J: “It actually worked too well. We overbooked on the first night and our pick-ups were backed up by an hour. We were nothing but apologetic. But it’s a testament to our customer base because they understood that we were trying. As the days went on, I got much better at managing the orders and how much we could handle.”

Sashimi Platter

Click here to see my post on my dinner experience at Fat Panda.

D: “Now COVID is still quite prevalent. How much does it mean to you that people are still coming out to eat at some of their local favourites such as yourselves?”

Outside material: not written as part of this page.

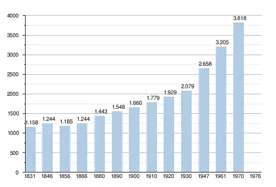 - Sources : INS, Rem. : 1831 jusqu'en 1970 = recensements, 1976 = nombre d'habitants au 31 décembre.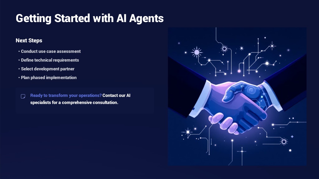 Getting Started with AI Agents Next Steps • Conduct use case assessment • Define technical requirements • Select development partner • Plan phased implementation Ready to transform your operations? Contact our AI specialists for a comprehensive consultation.

J: “It means the absolute world to us. I think irrespective of whether you’re the owner or customer, we just want things to go back to normal. We just want to go back to enjoying our jobs, our social lives, friends and our family. People have been quite understanding with social distancing.”

D: “Now apart from Fat Panda, where is your favourite place to in Sydney and what did you eat?”

J: “Oh, you know what? We got sent to Café Venttoto and they were phenomenal. It’s sad because they are no longer there. Locally, we like Cream & Co. in Chipping Norton. They have good coffee and good wholesome food. I love their corn fritters. I also love Tuk Tuk down the road, their service is great and their portions are big. I generally love Mexican food too. I love Battambang in Cabramatta – great ‘home-y’ Cambodian food and so cheap! ”

D: “Lastly, you guys have been here since 2008. How much does the local food community mean to you guys?”

J: “They’re heart and soul of what we do. People would literally do as we asked every time we had a call to action during COVID and it’s a testament to them. I really am grateful for the local community. And I’m not talking about people within the 5-10km radius either, I’d consider Sydney in general as our local community. I did a poll a while back and the number of people who said they come from Campbelltown and Camden just blew my mind. And, I was seeing some of these people a few times a week. Without the local community, we wouldn’t be here. They’ve helped us shape a lot of dishes – things that have worked and things that haven’t.”

The interview concludes there. Just as it finishes, Viet Dinh (Fat Panda Co-owner) arrives at the restaurant and we exchange greetings. We then spend some time talking about these bottles of fruit-flavoured sake that will be used as part of a new series of cocktails that he’s working on.  

Flavoured sake bottles which can be seen along the walls of Fat Panda

Fat Panda is one of the neighbourhood gems in my local city. Tasty Japanese food, spectacular cocktails, lovely co-owners and an unwavering customer base are the Fat Panda DNA and I see it every time I walked past. Here for 12 years, and hopefully for another 12 more, make sure you get the chance to try some of the lovely food and drinks here on offer.